Please copy out the entries below exactly, beginning with the line that contains "Noch vor dem" and ending with the line that contains "Sleek and stretchy, the", and include nothing outside that span.

═══ RECORDS PROVIDED ═══

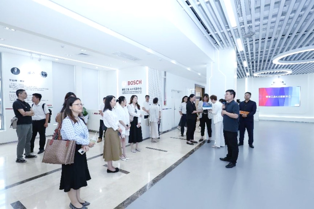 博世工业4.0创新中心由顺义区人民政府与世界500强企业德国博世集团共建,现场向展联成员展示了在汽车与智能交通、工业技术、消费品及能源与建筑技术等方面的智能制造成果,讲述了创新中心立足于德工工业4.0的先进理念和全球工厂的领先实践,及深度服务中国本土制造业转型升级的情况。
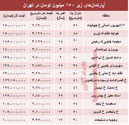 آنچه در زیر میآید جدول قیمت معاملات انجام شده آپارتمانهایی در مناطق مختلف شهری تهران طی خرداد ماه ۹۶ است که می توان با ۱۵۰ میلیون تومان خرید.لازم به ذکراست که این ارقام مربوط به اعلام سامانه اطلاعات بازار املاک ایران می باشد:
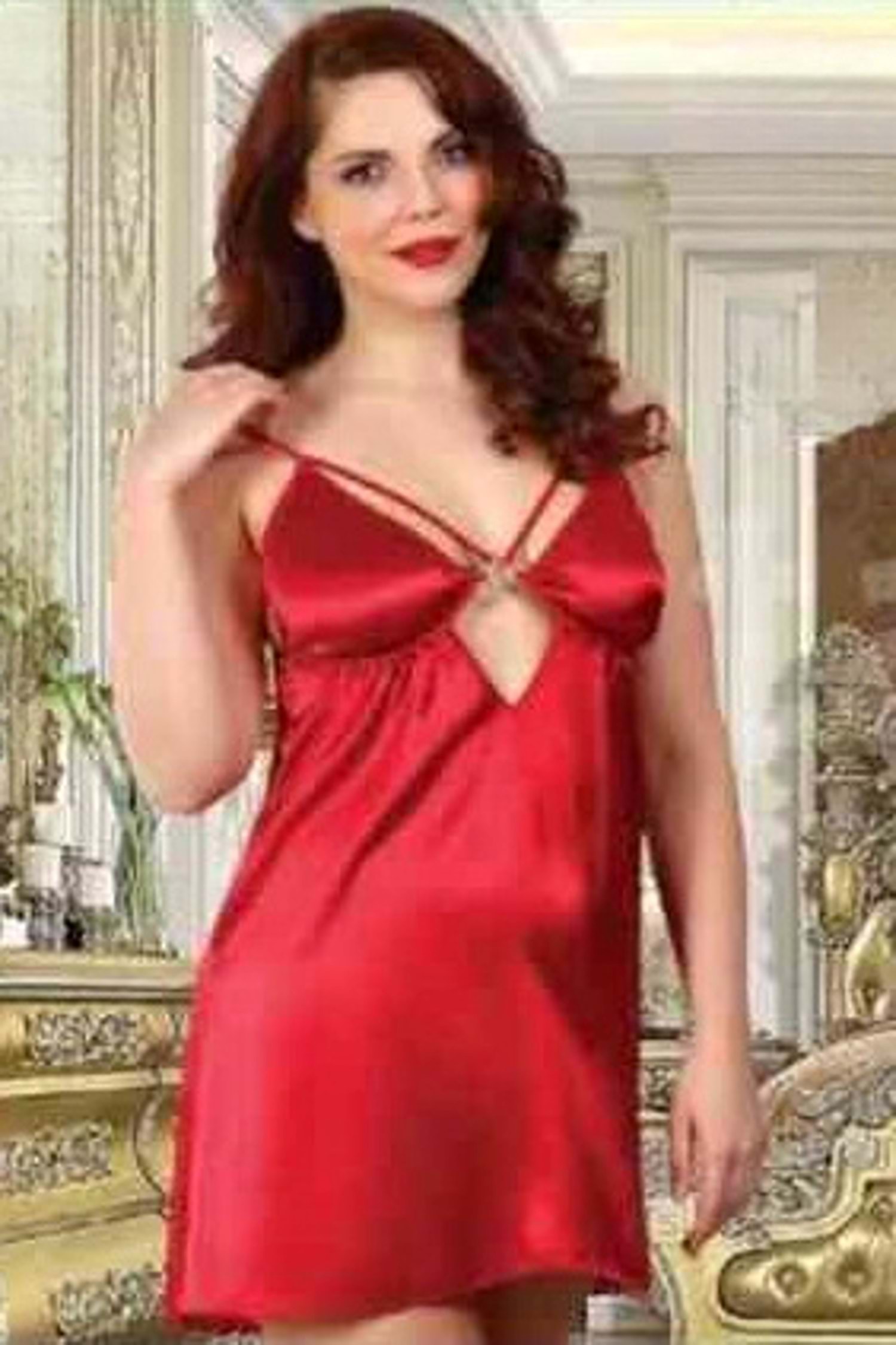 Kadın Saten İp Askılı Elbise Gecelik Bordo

═══
═══ RECORDS PROVIDED ═══

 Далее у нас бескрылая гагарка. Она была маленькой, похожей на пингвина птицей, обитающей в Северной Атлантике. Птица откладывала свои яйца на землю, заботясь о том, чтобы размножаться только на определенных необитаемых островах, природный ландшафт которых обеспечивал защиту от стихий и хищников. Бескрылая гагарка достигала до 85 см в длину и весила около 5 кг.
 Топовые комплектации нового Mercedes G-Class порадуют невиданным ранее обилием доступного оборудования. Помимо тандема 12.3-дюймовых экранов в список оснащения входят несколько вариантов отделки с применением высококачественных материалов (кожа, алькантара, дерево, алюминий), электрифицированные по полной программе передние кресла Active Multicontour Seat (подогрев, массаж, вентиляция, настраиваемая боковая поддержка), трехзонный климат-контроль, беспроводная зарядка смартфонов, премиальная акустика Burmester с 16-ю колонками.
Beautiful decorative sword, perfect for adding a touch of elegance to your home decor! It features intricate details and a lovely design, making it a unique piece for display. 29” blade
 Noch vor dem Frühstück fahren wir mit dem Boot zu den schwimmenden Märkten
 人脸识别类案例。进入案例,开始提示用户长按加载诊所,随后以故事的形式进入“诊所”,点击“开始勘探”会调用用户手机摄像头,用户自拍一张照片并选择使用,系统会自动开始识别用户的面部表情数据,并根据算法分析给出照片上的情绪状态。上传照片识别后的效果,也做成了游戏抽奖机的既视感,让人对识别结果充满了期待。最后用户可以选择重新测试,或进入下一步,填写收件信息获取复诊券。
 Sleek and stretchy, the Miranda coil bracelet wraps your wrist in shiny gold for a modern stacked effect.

═══

> **EXERCISE OUTPUT**
 Noch vor dem Frühstück fahren wir mit dem Boot zu den schwimmenden Märkten
 人脸识别类案例。进入案例,开始提示用户长按加载诊所,随后以故事的形式进入“诊所”,点击“开始勘探”会调用用户手机摄像头,用户自拍一张照片并选择使用,系统会自动开始识别用户的面部表情数据,并根据算法分析给出照片上的情绪状态。上传照片识别后的效果,也做成了游戏抽奖机的既视感,让人对识别结果充满了期待。最后用户可以选择重新测试,或进入下一步,填写收件信息获取复诊券。
 Sleek and stretchy, the Miranda coil bracelet wraps your wrist in shiny gold for a modern stacked effect.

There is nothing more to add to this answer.